The reason acoustic Doppler current profilers (ADCP) work, whether on moorings or on ships, is thanks to the kind cooperation of zooplankton and fish populations that inhabit the ocean. These little fellows echo back the acoustic signals emitted from the ADCP, and it is from the Doppler shift in frequency of the echo one can determine the relative velocity between the instrument and the zooplankton. But here’s the thing, besides measuring the Doppler shift, the strength of the received echo is also recorded, this is a huge cache of information we pay little attention to (or don’t know how to use). But, for now at least, they allow for pretty pictures, here’s a wonderful example.
The container vessel Nuka Arctica operates on a 3-week schedule between Nuuk, the capital of Greenland, and Aalborg in Denmark.
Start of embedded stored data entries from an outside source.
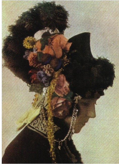
Κεφαλόδεσμος Γιδά (Ρουμλούκι)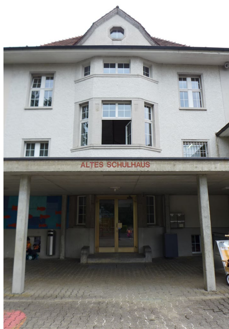
Abbildung 11 Ehem. Schulhaus, heute Gemeindehaus Niederwil. Ansicht von Westen. – Der Eingriff aus den 1970er-Jahren unterbricht die vertikale Ausrichtung des erkerartigen Treppenhauses aus der Bauzeit.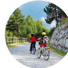
Excursionistes pel camí de les Pardines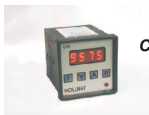
Contador digital modelo C20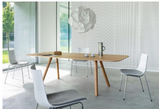
„Akio“ in Eiche und als runder und rechteckiger Tisch – jeweils mit dem Schalenstuhl „Nava“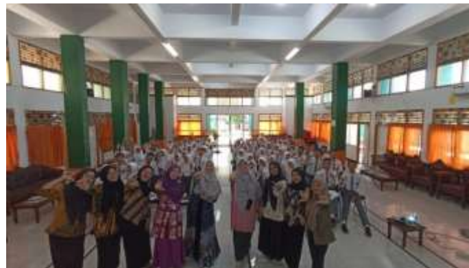
Gambar 4. Foto Bersama Peserta dan Tim Pengabdian

Tahap Kedua dari rangkaian kegiatan pengabdian ini adalah pelatihan pelayanan Kesehatan bagi kader yakni dengan mendampingi kader melakukan pemeriksaan Kesehatan, pemeriksaan IMT dan pembagian tablet tambah darah. Pelayanan Kesehatan merupakan upaya peningkatan, pencegahan, pengobatan dan pemulihan yang dilakukan terhadap peserta didik dan lingkungannya. Pemberian edukasi kepada anak tentang pencegahan penyakit dan pemeliharaan Kesehatan sangat diperlukan sebagai upaya menghambat penyebaran virus di sekolah. (Yanuarti et al., 2022)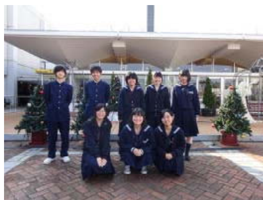
参加した8名の図書委員さん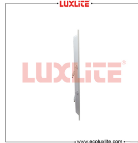
LED0424 PANEL LED DE ALUMINIO 2X4 72W 6500K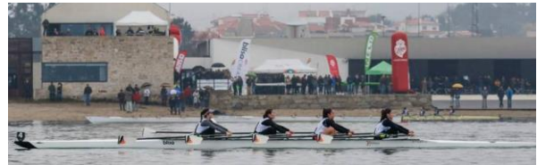
Chegada: Centro de Remo (6,5 Km)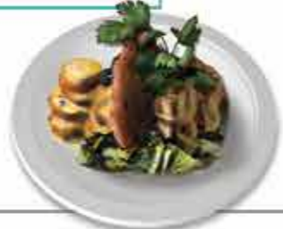
Bacalhau à Viana Aspeto característico, assemelhando-se a um pastel folhado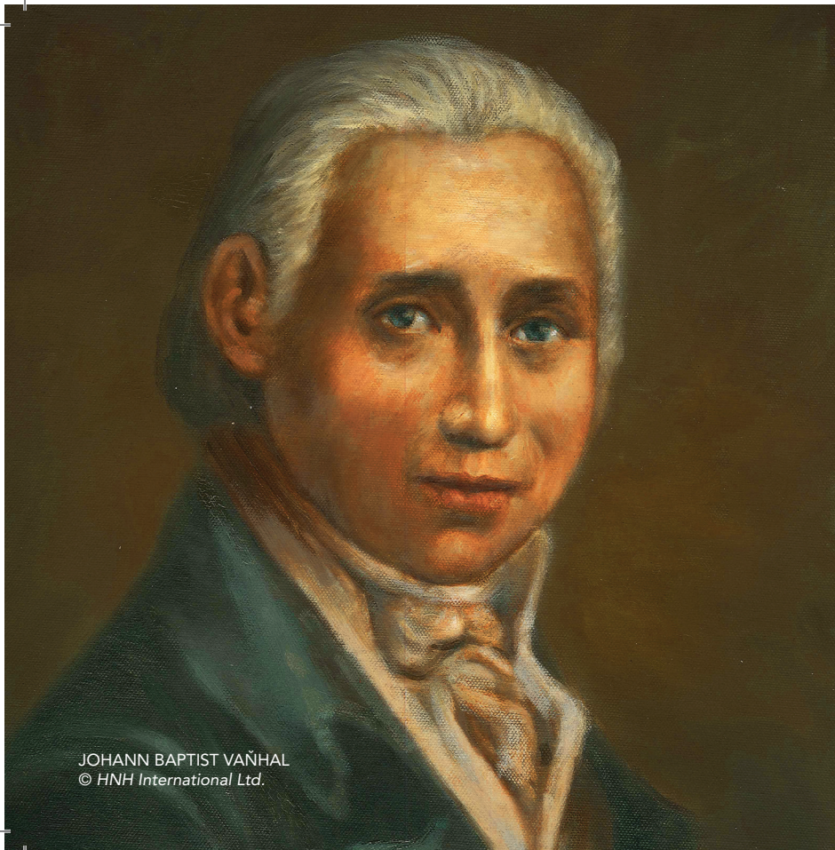
JOHANN BAPTIST VAÑHAL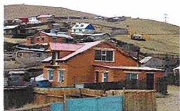
Гэр хорооллын түгээмэл төрх.

Гэр хорооллын сууцны бүтцийг аваад үзэхэд Улаанбаатар хотод 2004 онд 56,2 мянган гэр, 61,4 (52 хувь) мянган жижиг хувийн орон сууц байсан бол 2011 онд 81,6 мянган гэр 100,3 (55 хувь) мянган жижиг хувийн орон сууцтай болсон байжээ. Эндээс үзэхэд жилд дунджаар 5000 хувийн сууц Улаанбаатар хотод баригдаж байгаагийн дийлэнхи нь гэр хороололд байна. Хүн амын амжиргааны түвшинтэй уялдаад энэ тоо сүүлийн жилүүдэд улам ч хурдацтай нэмэгдэж байна.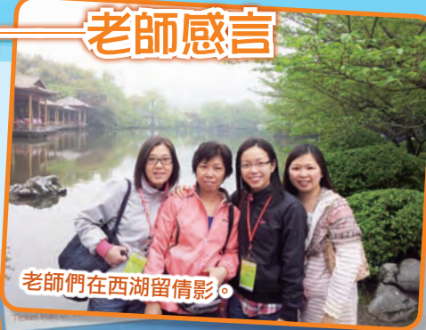
老師們在西湖留情影。

帶領學生宿營的經驗可說是身經百戰，但往香港以外的地方還是第一趟。從這次學習交流活動中，由開始時的擔心，到最後的盡興而回，感受良多。最初，由於自己是第一次到寧波、杭州等地，還要帶著一群學生，凡事總是戰戰兢兢。但當到達寧波市鎮明中心小學時，我們受到該校師生的熱情招待，所有擔憂也隨之放下。再說，看到伊小學生很快便能融入該校的學習生活，與當地學生互相交流，深感這次旅程對伊小同學來說是人生難得的經驗，並非一般的觀光交流活動可比呢！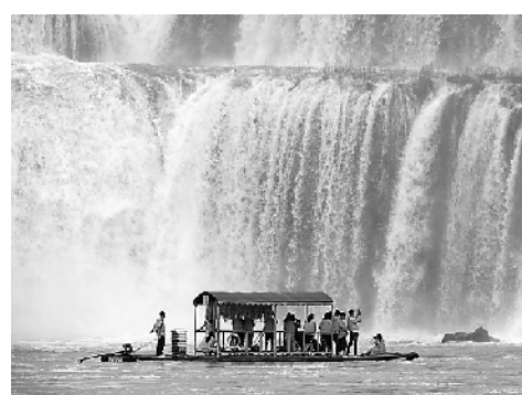
大批游人乘坐竹筏在广西崇左大新县观赏瀑布。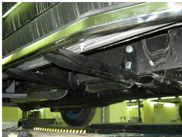
Рис. 3 Установка переднего кронштейна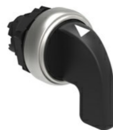
Operatori selettori leva lunga - 3 posizioni LPCS23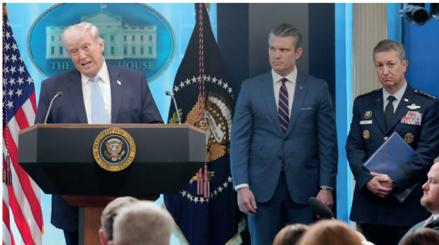
El mandatario republicano apuntó contra los medios de comunicación por la filtración de la operación de rescate de un piloto en Irán.

ción crediticia y requisitos de solvencia iguales para todos los clientes. Desde la oposición impulsan pedidos de informes en el Congreso y advierten posibles violaciones a la Ley de Ética Pública. Página 3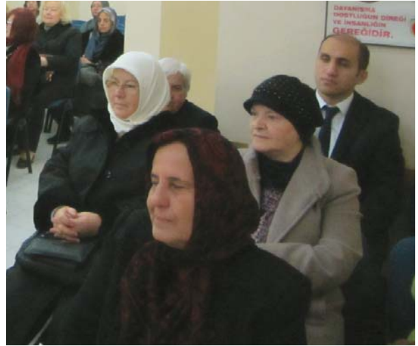
Toplantıya katılanlardan diğer bir grup.

Öğretmenler, öğretmenlikten önce öğrencilikten geçerler. Dolayısıyla öğrencilerin psikolojik problemleri ile insanî ihtiyaçlarını ve içtimai ilişkilerini herkesten daha iyi bilirler. Bunun için onlara karşı ana-babaları kadar yakın ve yapıcı olurlar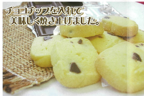
チョコチップを入れて 美味しく焼き上げました。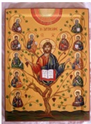
Οι Άγιοι Δώδεκα Απόστολοι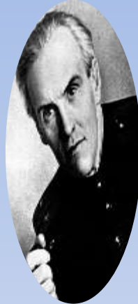
Николай Тихонов орыс жазушы

«Абай жолы» арқылы қазіргі қазақ прозасы күллі дүние жүзі әдеби классиканың шырқау шыңына шықты. Сөйтіп, 19 ғасырдың 40-50-жылдарын М. О. Әуезов туған әдебиетіміздің даму тарихында бұрын-соңды болып көрмеген ренессансқа айналдырды. Мұның өзі заңды да, өйткені «Абайдай» шығарма бұл тұсқа дейін қазақ әдебиетінде болған емес» Мүсірепов Ф.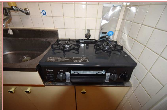
2口コンロをプレゼント！新品です♪

資料と現状に相違があった場合は、 現況を優先させていただきます 。お申込み等をされる場合は、 必ず現地確認を実施していただきますようお願いいたします 。 管理会社 ㈱アチーブメントプラス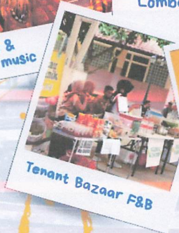
Tenant Bazaar F&B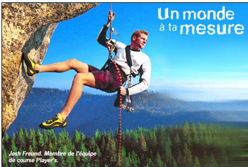
Écran d'accueil pour le site Internet de l'Équipe Player's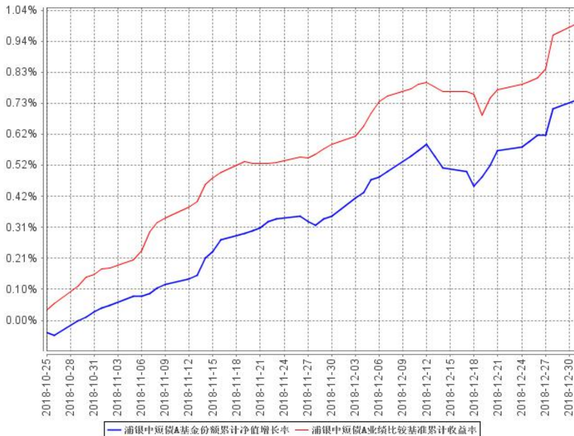
浦银中短债A基金份额累计净值增长率与同期业绩比较基准收益率的历史走势对比图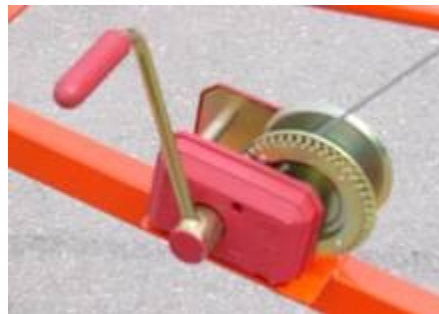
Ručna regulacija visine nosećeg rama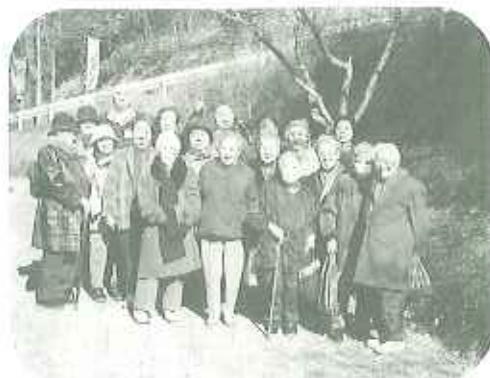
▲「下山・赤森の里」にて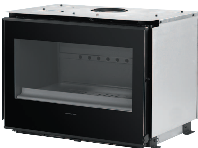
800 HORIZON FV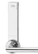
Systèmes de fermeture électronique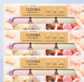
Kit Instance Sabonetes Doces Finos

On her east-to-west transits she sails along a great circle path across the subpolar North Atlantic between Scotland and Cape Farewell. In the early years she was equipped with a 150 kHz ADCP that sometimes could reach to 400 m depth thanks to the high concentrations of backscatterers.
The attached figure shows a summer and a late fall crossing from east to west. The lower panels show the vessel tracks –virtually the same great circle route for both crossings. The upper panels show backscatter strength. The plotted intensity has been corrected for signal loss due to spreading and attenuation. While we have no information on absolute signal intensity, the instrument is stable and gain settings are left unchanged so differences between summer and fall (color scale in decibels) reflect real changes in the ocean. The black lines at the top of the panels indicate when the sun is below the horizon: nights are short in summer and long in winter.
While this is well-known stuff, I still amaze at how the zooplankton (and other creatures) rise to the surface to seek food during the night. The rapid change in depth at dawn and dusk of these tiny creatures is incredible. Distances are in km from the axis of the Reykjanes Ridge. These are snapshots. To my knowledge there has been no attempt to conduct a systematic study of these distributions – as a function of time of day, season, and of location (Irminger Sea vs. Iceland Basin). Note the higher backscatter concentrations at depth in the Irminger Sea; this remains true in winter as well. The vastly lower backscatter intensities in winter presumably reflect the loss of zooplankton and only the fish (mainly myctophids?) remain. Is this correct, I’d be happy to host a guest blog on this. The depth variations during summer daylight may reflect varying cloud cover (we should include solar irradiance in the measurement program!). It’s tempting to suspect that some of the spatial variability (local maxima or minima) might be related to coherent eddies acting like bottles preventing mixing and dispersal?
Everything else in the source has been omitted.